At over 8 ft by 6 ft (260cm x 185cm), this central panel of a triptych for the Altarpiece for the Saints of Cologne presented viewers with an almost life size tableau of the classic Biblical scene (large version here). It was painted in the 1440′s by the late Gothic German painter Stefan Lochner, also known as Stephan Lochner or Stephen Lochner.
Lochner combines the German Gothic style with influences from the Flemish painters of his time, presenting a scene with strong naturalistic elements, brilliant colors and intense focus on detail. The kings and attendant figures are all dressed in modern (for the time) clothing, rendered with great attention to the nature of the rich fabrics, along with the detailed armor of the knights and the intricate decoration of the gifts. Lochner also devotes attention to the individual likenesses of the supporting cast (presumably of the town’s elders and wealthy).

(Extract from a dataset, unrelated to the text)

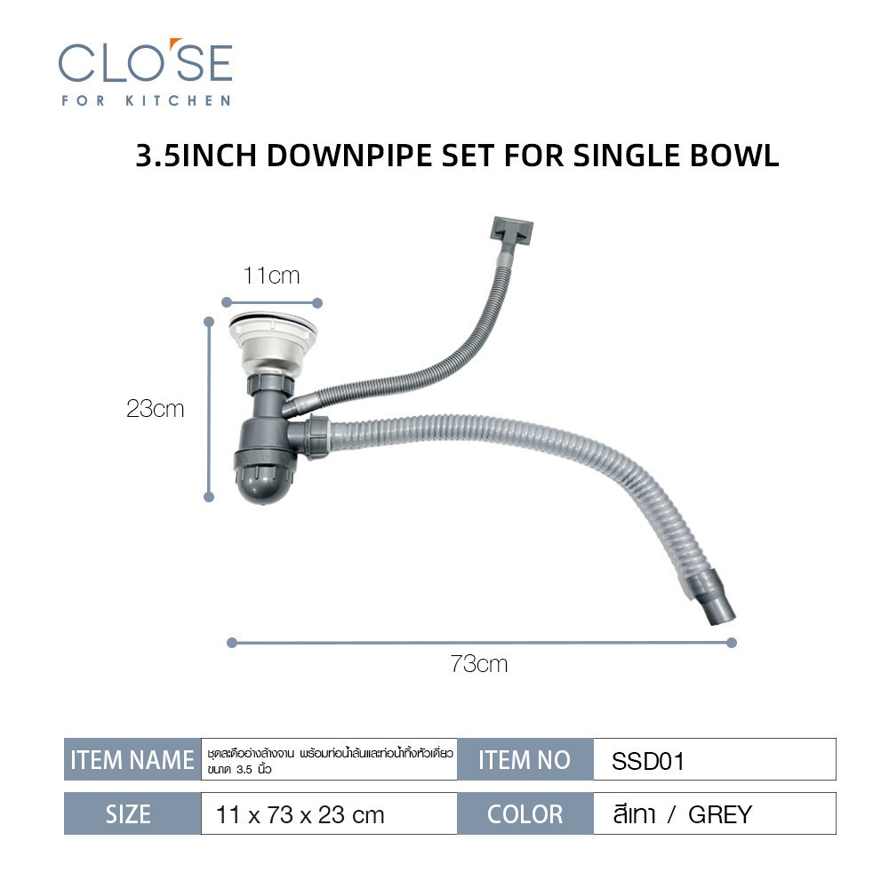 GlobalHouse CLOSE ชุดสะดืออ่างล้างจาน พร้อมท่อน้ำล้นและท่อน้ำทิ้งหัวเดี่ยว ขนาด 3.5 นิ้ว SSD01 สินค้าของแท้คุณภาพดี

The Madonna, her head weighted with a pretty hefty and earthly looking crown, is surrounded by dark flying figures that might at first seem oddly bat-like, but are in fact angels, painted with Lochner’s signature stunning ultramarine blue. This pigment was made from powdered lapis lazuli, an intensely blue semi-precious stone that was at the time even more precious then the pure gold Lochner used for the background. (Modern ultramarine blue, called French ultramarine, uses a synthetic pigment discovered in the 19th Century.)
The angels are also unusual in that they are “bodiless”, their blonde heads and childlike arms depicted as solid, but their remaining figures mere wisps of suggested motion.
Lochner may have absorbed influences from elsewhere; scholars suggest that his command of perspective in some images was far enough ahead of his contemporaries in Germany that he must have been exposed to the new developments in perspective that were coming out of Italy at the time.
In his Adoration, however, we are still given a scene that is on that edge where decorative devotional art meets naturalistic rendering, to remarkable effect.
Lochner intended that we, like the Magi, be stunned by the beauty of the moment.